I'm playing in a campaign that involves an interdimensional hub of sorts, wherein adventuring parties are given missions and teleported across space/dimensions to the location. Upon completion, in order to return, they are given a spell scroll of Sending by which they contact a dispatcher, who then opens a portal back.
The phrasing of the Sending spell specifies:
The creature hears the message in its mind, recognizes you as the sender if it knows you, and can answer in a like manner immediately.
How are we to interpret this?
For example, suppose a character were to use Alter Self to disguise themselves as someone else, use a different name, forge an assignment, and use that to get to a location of their desire. Upon casting Sending to return, would they be recognized as their "true self", or simply as the person the recipient knows them as?

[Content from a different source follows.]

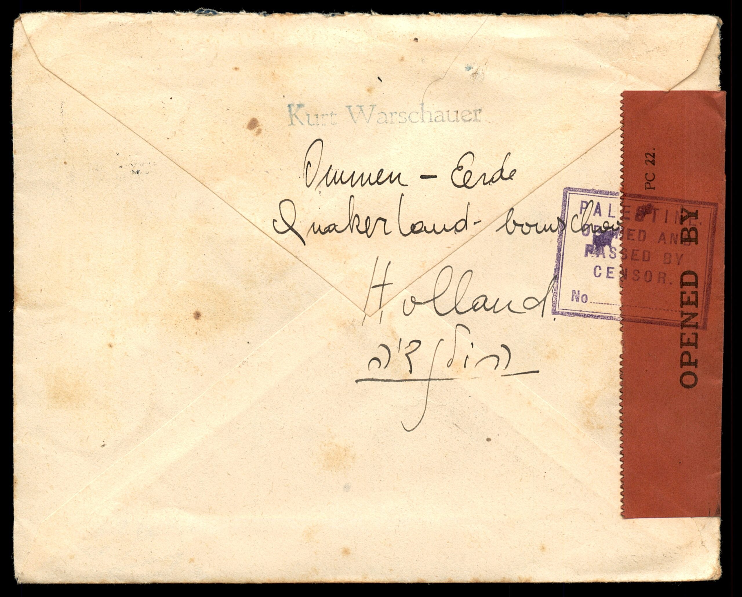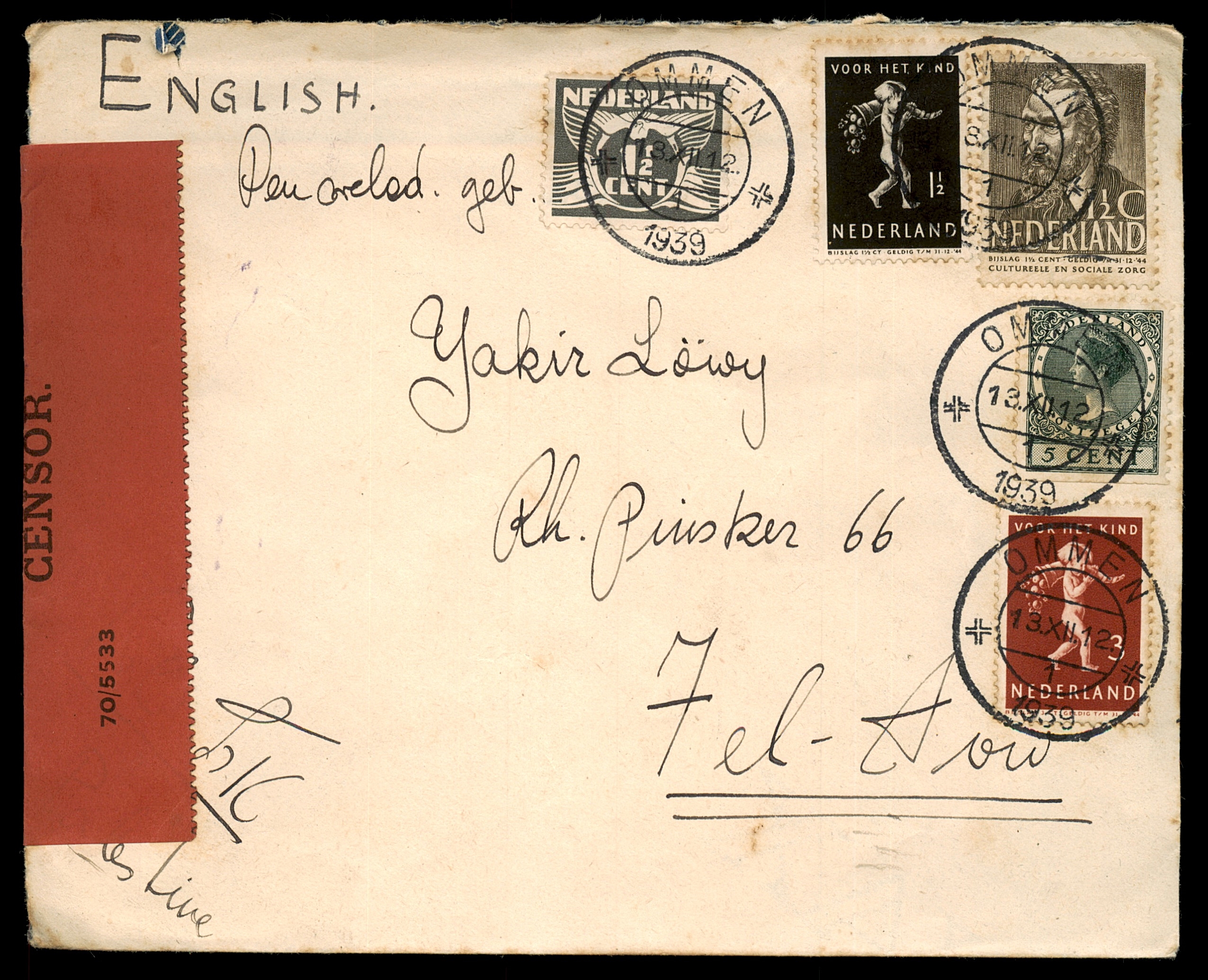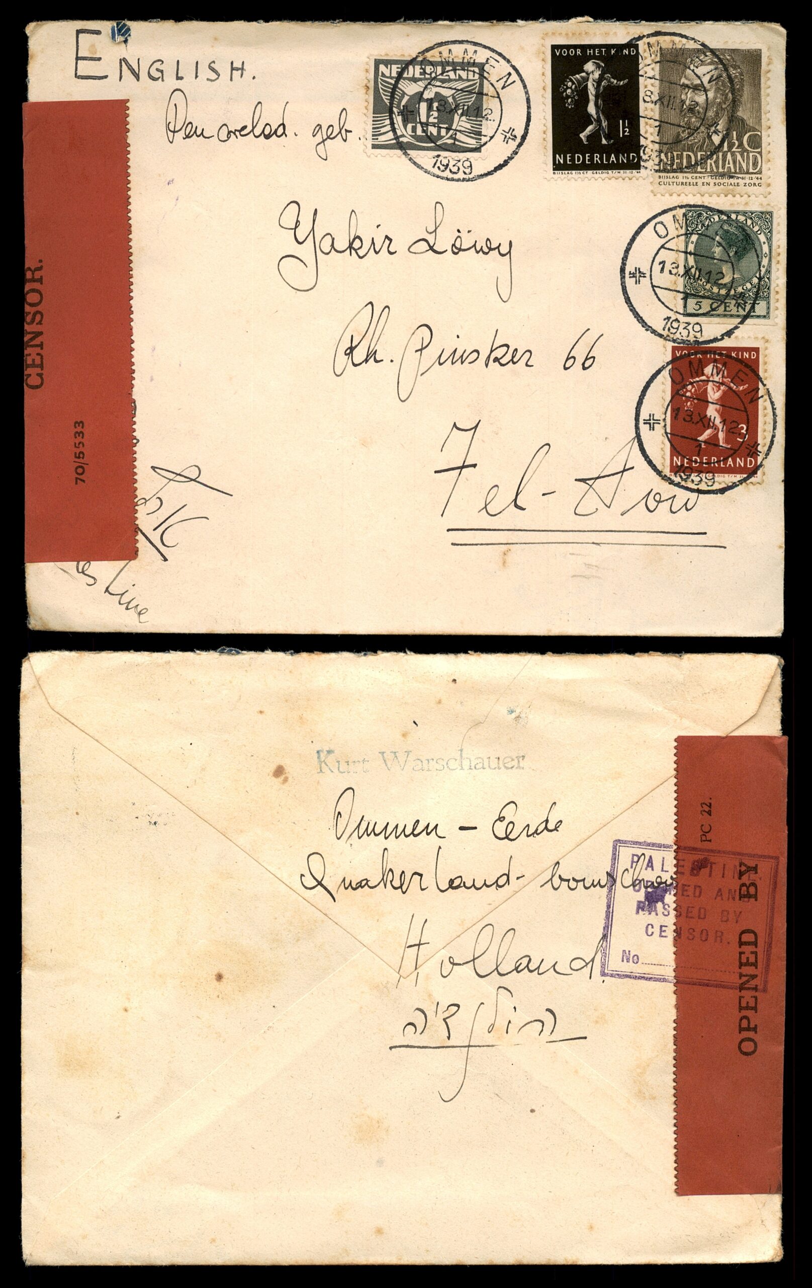HE: מעטפה צנזורה שנשלחה מאומן, הולנד אל תל-אביב, פלשתינה (א"י), חותמת דואר 13 בדצמבר 1939. ממוענת ליקיר לוי, רח' פינסקר 66, תל-אביב, כתובת שולח: ורשאואר, אומן-ארדה, קווייקרלנד, הולנד. משוחררת עם ארבעה בולי הולנד כולל הנפקות צדקה "Voor het Kind". על המעטפה סרט צנזורה של המנדט הבריטי בפלשתינה (מס' 70/5533) וחותמת "OPENED BY CENSOR". פריט בעל חשיבות היסטורית המקשר בין קהילת הפליטים היהודים במחנה הקווייקרים באומן-ארדה לבין היישוב בפלשתינה ערב מלחמת העולם השנייה. מצב טוב.

Is there any means by which an identity can be masked as someone else (or otherwise concealed), specifically in regards to Sending?
Note: There is one dispatcher in particular we interact with the majority of the time who we know well, but there are theoretically others we haven't interacted with yet, if that makes any difference.
Best Answer
No, you can't fool the spell, you have to fool the target another way
The spell Sending specifies that recognizing the sender is a part of the spell's function, and nothing in Alter Self would change that, as it is appearance based.
Sending (as you quoted yourself):
So if the target knows you, not just your appearance, then it will know you sent the Sending. What you look like at the time is irrelevant, the spell functions as it says it does.
Alter Self:
Nothing here says anything about disguising you in any other way besides visually. It does say the sound of your voice changes, but Sending makes the target hear the message in their mind, not with their ears, so changing your voice doesn't affect that.
Now, by what you have described, you'd have to have used a dispatcher who does not know you to begin with and to have already disguised yourself before speaking to them, so when the Sending gets back to them, they will know it comes from the same person they sent out. Basically, you have to fool the dispatcher, not the Sending spell.
To be clear, if your name is Bob the Baker and you have an alter-ego as Skinny Larry, and you cast sending to someone who only knows you as Skinny Larry, Sending will not out you as Bob the Baker, they'll know the Sending came from the 'you' that they were introduced to.